» **Extracted data**
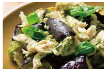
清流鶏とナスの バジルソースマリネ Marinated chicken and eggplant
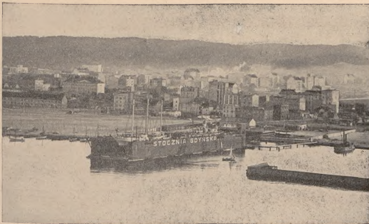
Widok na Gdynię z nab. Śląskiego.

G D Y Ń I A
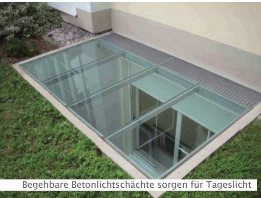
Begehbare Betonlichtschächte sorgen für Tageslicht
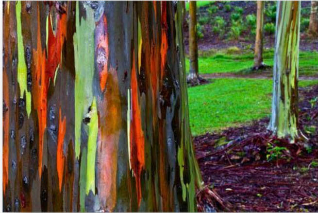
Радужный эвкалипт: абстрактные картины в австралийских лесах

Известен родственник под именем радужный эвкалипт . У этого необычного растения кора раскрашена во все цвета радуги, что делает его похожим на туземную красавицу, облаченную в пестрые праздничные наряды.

---

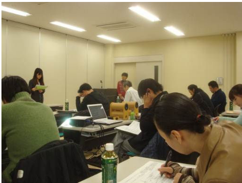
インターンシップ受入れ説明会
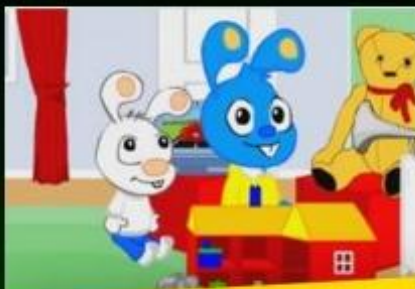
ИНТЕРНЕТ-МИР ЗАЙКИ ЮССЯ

...

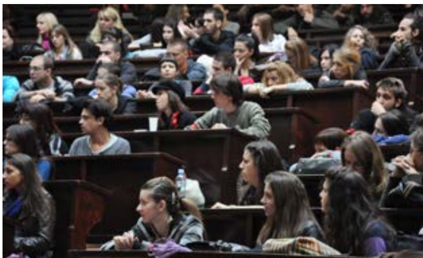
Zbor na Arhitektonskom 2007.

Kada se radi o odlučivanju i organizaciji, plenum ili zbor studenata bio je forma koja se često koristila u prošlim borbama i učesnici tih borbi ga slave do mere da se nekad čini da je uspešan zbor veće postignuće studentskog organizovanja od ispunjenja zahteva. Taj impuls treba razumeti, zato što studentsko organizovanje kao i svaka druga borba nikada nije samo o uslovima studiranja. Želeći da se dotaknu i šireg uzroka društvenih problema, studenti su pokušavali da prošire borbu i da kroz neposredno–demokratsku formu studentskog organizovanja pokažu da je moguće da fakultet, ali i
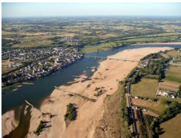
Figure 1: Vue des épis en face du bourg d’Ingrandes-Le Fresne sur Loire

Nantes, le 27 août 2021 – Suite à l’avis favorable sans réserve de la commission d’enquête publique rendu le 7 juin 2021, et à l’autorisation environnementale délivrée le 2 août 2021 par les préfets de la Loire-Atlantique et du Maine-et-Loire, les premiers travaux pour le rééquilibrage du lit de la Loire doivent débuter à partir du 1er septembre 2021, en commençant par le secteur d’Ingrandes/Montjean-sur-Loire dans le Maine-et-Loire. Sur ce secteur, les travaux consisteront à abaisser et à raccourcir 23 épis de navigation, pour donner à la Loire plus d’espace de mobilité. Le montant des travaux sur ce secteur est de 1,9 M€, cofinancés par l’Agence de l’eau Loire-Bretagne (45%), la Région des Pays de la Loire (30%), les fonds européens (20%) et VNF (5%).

» **Task requirements**
In the data above, copy every line where the string "épis" appears.

» **Answer for the task**
Figure 1: Vue des épis en face du bourg d’Ingrandes-Le Fresne sur Loire
Nantes, le 27 août 2021 – Suite à l’avis favorable sans réserve de la commission d’enquête publique rendu le 7 juin 2021, et à l’autorisation environnementale délivrée le 2 août 2021 par les préfets de la Loire-Atlantique et du Maine-et-Loire, les premiers travaux pour le rééquilibrage du lit de la Loire doivent débuter à partir du 1er septembre 2021, en commençant par le secteur d’Ingrandes/Montjean-sur-Loire dans le Maine-et-Loire. Sur ce secteur, les travaux consisteront à abaisser et à raccourcir 23 épis de navigation, pour donner à la Loire plus d’espace de mobilité. Le montant des travaux sur ce secteur est de 1,9 M€, cofinancés par l’Agence de l’eau Loire-Bretagne (45%), la Région des Pays de la Loire (30%), les fonds européens (20%) et VNF (5%).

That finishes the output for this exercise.